Can I feed the bees candy canes that were Christmas left-overs? We have all flavors, not just the traditional red/white striped peppermint. I've already been feeding several of my lighter hives granulated suger, so I was thinking of trying it.


----------



## phil c (Jan 21, 2007)

I wouldn't. I dont known about the artificial flavors, could be something really bad for the girls.


----------



## indypartridge (Nov 18, 2004)

Not advisable during cold weather when they're clustered. Candy canes (any hard candies) contain starches and solids that the bees can't digest. During warm months, when they can leave the hive freely to void themselves, it may not be a problem. But if they're confined to the hive and can't leave to poop, it becomes a problem.


----------



## BEES4U (Oct 10, 2007)

Sunday, 20 February 2011

I knew a bee man that would buy the "old" candy canes in Oakland Calif. in large lots and feed them to his bees.

Ernie


----------



## TonyGotaTruck (Jan 29, 2011)

Im new so just slap me around a little bit please. My sister gave me several cases of out of date french vanilla liquid creamer' nestle mini choclate [for baking] and powdered dark choclate flavored cocoa mix.
Any chance I can use any of this once I put bees in the hive?


----------



## Beetrucker74 (Oct 10, 2010)

katmike said:


> Can I feed the bees candy canes that were Christmas left-overs? We have all flavors, not just the traditional red/white striped peppermint. I've already been feeding several of my lighter hives granulated suger, so I was thinking of trying it.
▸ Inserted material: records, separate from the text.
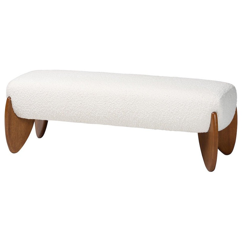 The modest luxury of the Vinicio accent bench exudes a refreshing ambiance in your space. Made in Malaysia, this Mid-Century Modern inspired piece consists of a sturdy wood frame padded with plush foam and upholstered in sumptuous boucle fabric. Its wide s
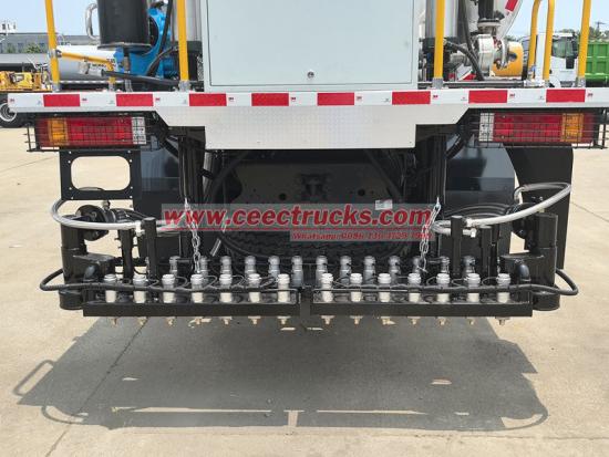Bahagian belakang trak tangki pengedar bitumen Shacman X3000 dilengkapi dengan rod penyembur boleh ditarik balik dengan lebar boleh laras, yang dilengkapi dengan beberapa set muncung kawalan aliran ketepatan tinggi. Ia boleh melaraskan volum dan liputan penyemburan dengan tepat mengikut keperluan pembinaan (seperti lapisan telap, lapisan pelekat, dan lapisan pengedap), dan mencapai penyemburan berubah-ubah jarak luas 0.2-3L/㎡.
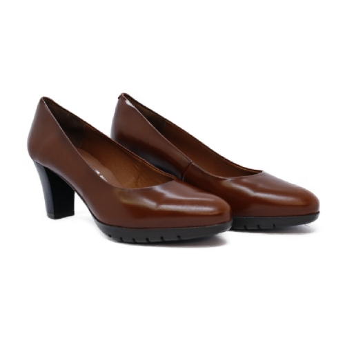 Zapato de salón marca Desireé para mujer elaborados en piel lisa de gran calidad en color marrón. elegantes con puntera redondeada y corte redondedado en el empeine.

I work for a guy that got candycane in totes by the tractor trailer load. We would break it up by driving over it with a loader. Put it in barels then filled with water to dissolve. only used it when done with honey cause it will flavor things peppermint and tint it red for a time. He told me that the peppermint helped with mites which I beleive to be true cause they had no trouble with mites but did have a foul brood epidemic.

Tony sorry but the stuff you have will tear up a bees gut so you shouldn't use it. And cocoa has no suger in it.It is just ground cocoa with the butter pressed out.


----------



## tommyt (Aug 7, 2010)

I heard the Candy cane was OK as long as the Beek is good with corn syrup 
It was said some of them are made with either corn or cane syrup? 
The spearmint is good as stated above for mites.


Tommyt


----------